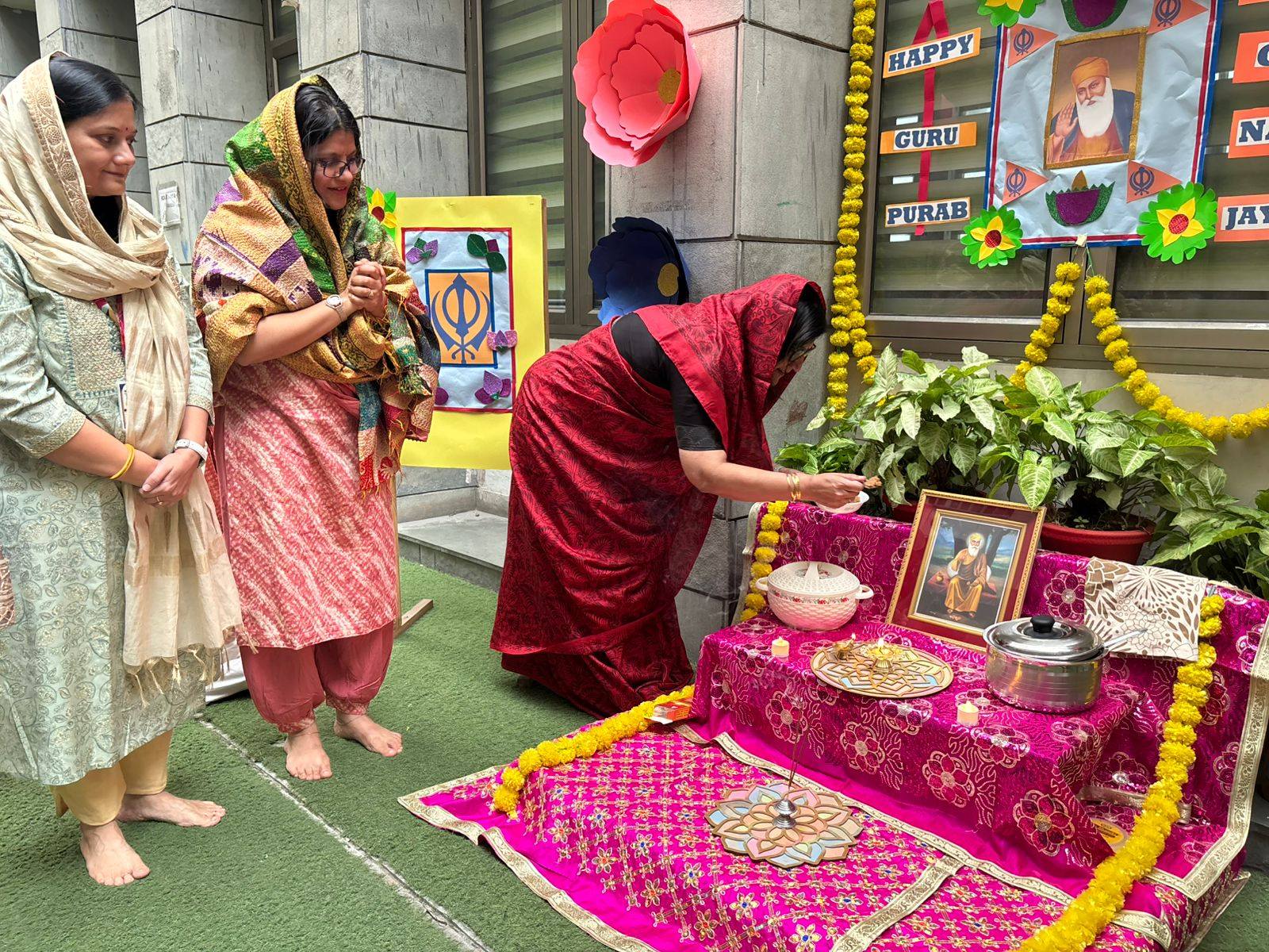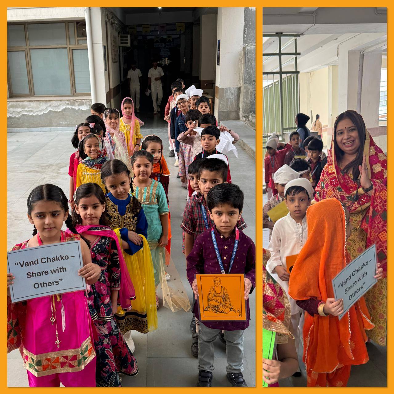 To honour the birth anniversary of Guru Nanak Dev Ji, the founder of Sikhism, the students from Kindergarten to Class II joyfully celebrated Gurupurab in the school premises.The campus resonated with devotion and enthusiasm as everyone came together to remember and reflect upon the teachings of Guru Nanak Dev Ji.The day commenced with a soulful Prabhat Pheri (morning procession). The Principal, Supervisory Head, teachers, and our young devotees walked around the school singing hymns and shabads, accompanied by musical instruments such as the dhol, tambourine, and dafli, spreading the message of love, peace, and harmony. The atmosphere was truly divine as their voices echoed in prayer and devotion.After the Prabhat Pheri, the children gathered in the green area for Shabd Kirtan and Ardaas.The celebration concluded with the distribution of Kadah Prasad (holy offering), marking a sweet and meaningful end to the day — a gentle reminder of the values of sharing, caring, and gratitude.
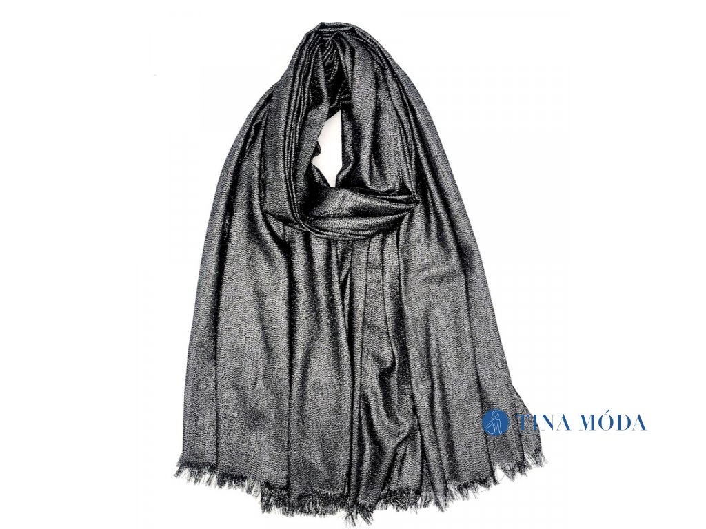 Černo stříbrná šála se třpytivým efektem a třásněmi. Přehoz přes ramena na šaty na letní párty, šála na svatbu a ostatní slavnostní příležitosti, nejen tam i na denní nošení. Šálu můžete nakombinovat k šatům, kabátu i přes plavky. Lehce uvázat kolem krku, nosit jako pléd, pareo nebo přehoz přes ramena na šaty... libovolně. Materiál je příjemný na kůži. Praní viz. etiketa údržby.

——————

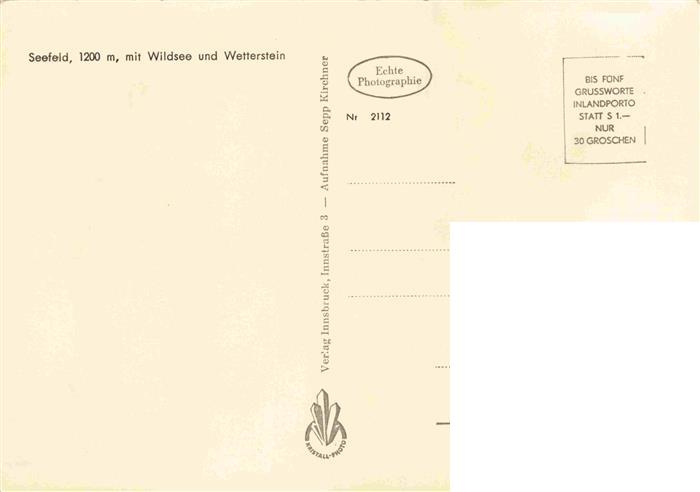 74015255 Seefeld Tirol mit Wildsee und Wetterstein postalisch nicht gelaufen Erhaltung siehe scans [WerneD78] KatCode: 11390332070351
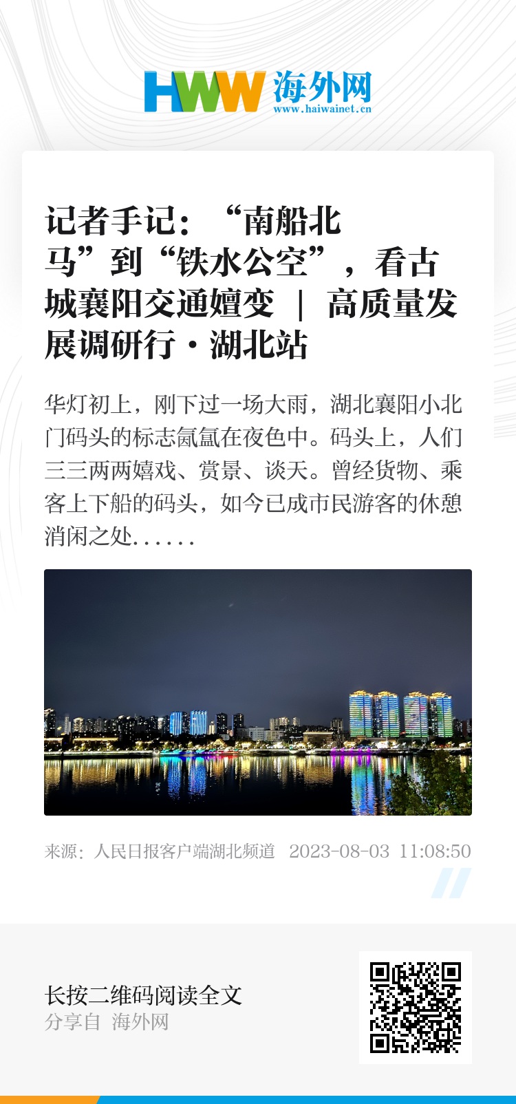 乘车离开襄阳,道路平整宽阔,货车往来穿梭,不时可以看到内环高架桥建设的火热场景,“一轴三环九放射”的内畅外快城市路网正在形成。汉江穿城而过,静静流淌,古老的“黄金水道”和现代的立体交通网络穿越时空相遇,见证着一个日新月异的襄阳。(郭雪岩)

——————

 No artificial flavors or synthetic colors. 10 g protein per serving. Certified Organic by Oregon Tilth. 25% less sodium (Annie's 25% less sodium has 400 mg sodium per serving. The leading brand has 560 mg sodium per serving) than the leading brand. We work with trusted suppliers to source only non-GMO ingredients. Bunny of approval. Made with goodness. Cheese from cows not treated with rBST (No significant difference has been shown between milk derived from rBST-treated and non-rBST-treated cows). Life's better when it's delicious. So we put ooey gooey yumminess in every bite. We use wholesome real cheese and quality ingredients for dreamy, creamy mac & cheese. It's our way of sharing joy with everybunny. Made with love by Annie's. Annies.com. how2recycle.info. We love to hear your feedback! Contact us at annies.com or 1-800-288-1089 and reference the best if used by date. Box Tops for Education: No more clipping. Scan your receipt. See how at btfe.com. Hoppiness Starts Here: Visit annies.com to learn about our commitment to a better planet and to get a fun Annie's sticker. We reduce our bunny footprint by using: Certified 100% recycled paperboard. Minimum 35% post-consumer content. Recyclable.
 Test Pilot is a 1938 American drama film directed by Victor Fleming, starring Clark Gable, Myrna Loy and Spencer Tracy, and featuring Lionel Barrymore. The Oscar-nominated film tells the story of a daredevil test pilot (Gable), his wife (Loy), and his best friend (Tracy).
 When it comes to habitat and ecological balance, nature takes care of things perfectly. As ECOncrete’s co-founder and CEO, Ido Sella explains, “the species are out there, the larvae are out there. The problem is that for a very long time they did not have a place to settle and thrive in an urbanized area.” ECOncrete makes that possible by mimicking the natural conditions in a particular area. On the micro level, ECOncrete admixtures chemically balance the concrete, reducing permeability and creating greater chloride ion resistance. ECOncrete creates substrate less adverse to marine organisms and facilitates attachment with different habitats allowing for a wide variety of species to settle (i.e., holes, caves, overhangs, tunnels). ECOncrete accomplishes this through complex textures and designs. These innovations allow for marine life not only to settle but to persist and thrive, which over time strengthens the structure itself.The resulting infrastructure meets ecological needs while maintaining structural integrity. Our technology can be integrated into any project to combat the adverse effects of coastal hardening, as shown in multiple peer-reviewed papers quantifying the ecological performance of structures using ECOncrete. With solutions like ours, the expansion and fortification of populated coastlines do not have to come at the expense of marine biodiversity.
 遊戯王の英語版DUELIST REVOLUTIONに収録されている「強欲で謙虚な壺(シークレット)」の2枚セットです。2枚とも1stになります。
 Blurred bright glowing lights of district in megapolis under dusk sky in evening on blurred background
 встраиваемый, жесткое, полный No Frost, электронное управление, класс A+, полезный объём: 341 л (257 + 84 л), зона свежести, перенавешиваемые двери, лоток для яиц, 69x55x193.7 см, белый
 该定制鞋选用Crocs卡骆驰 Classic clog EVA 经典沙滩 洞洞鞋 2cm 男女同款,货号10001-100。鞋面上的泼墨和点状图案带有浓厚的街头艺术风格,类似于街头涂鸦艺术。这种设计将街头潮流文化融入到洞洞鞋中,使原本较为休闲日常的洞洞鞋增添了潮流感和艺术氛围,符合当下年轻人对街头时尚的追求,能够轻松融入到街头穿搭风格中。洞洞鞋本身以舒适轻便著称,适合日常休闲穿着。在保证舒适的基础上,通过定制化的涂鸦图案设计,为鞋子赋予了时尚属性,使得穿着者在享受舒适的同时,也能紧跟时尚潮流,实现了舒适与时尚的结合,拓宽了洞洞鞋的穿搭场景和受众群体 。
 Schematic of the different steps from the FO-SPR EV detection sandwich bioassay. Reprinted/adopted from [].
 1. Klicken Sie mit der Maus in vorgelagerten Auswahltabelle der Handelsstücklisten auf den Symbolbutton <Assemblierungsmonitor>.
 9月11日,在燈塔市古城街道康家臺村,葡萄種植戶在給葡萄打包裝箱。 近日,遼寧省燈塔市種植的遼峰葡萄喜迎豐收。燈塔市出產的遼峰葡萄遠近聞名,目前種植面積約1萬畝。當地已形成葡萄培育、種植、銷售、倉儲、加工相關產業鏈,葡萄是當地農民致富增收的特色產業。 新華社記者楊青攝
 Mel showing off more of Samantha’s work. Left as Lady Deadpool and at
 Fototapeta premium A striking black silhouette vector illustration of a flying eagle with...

——————

## WHAT IS BEING ASKED
Set down again, word for word, the stretch of records from the line with "该定制鞋选用Crocs卡骆驰 Classic clog" to the line with "Fototapeta premium A", both of those lines included.

## EXPECTED ANSWER
 该定制鞋选用Crocs卡骆驰 Classic clog EVA 经典沙滩 洞洞鞋 2cm 男女同款,货号10001-100。鞋面上的泼墨和点状图案带有浓厚的街头艺术风格,类似于街头涂鸦艺术。这种设计将街头潮流文化融入到洞洞鞋中,使原本较为休闲日常的洞洞鞋增添了潮流感和艺术氛围,符合当下年轻人对街头时尚的追求,能够轻松融入到街头穿搭风格中。洞洞鞋本身以舒适轻便著称,适合日常休闲穿着。在保证舒适的基础上,通过定制化的涂鸦图案设计,为鞋子赋予了时尚属性,使得穿着者在享受舒适的同时,也能紧跟时尚潮流,实现了舒适与时尚的结合,拓宽了洞洞鞋的穿搭场景和受众群体 。
 Schematic of the different steps from the FO-SPR EV detection sandwich bioassay. Reprinted/adopted from [].
 1. Klicken Sie mit der Maus in vorgelagerten Auswahltabelle der Handelsstücklisten auf den Symbolbutton <Assemblierungsmonitor>.
 9月11日,在燈塔市古城街道康家臺村,葡萄種植戶在給葡萄打包裝箱。 近日,遼寧省燈塔市種植的遼峰葡萄喜迎豐收。燈塔市出產的遼峰葡萄遠近聞名,目前種植面積約1萬畝。當地已形成葡萄培育、種植、銷售、倉儲、加工相關產業鏈,葡萄是當地農民致富增收的特色產業。 新華社記者楊青攝
 Mel showing off more of Samantha’s work. Left as Lady Deadpool and at
 Fototapeta premium A striking black silhouette vector illustration of a flying eagle with...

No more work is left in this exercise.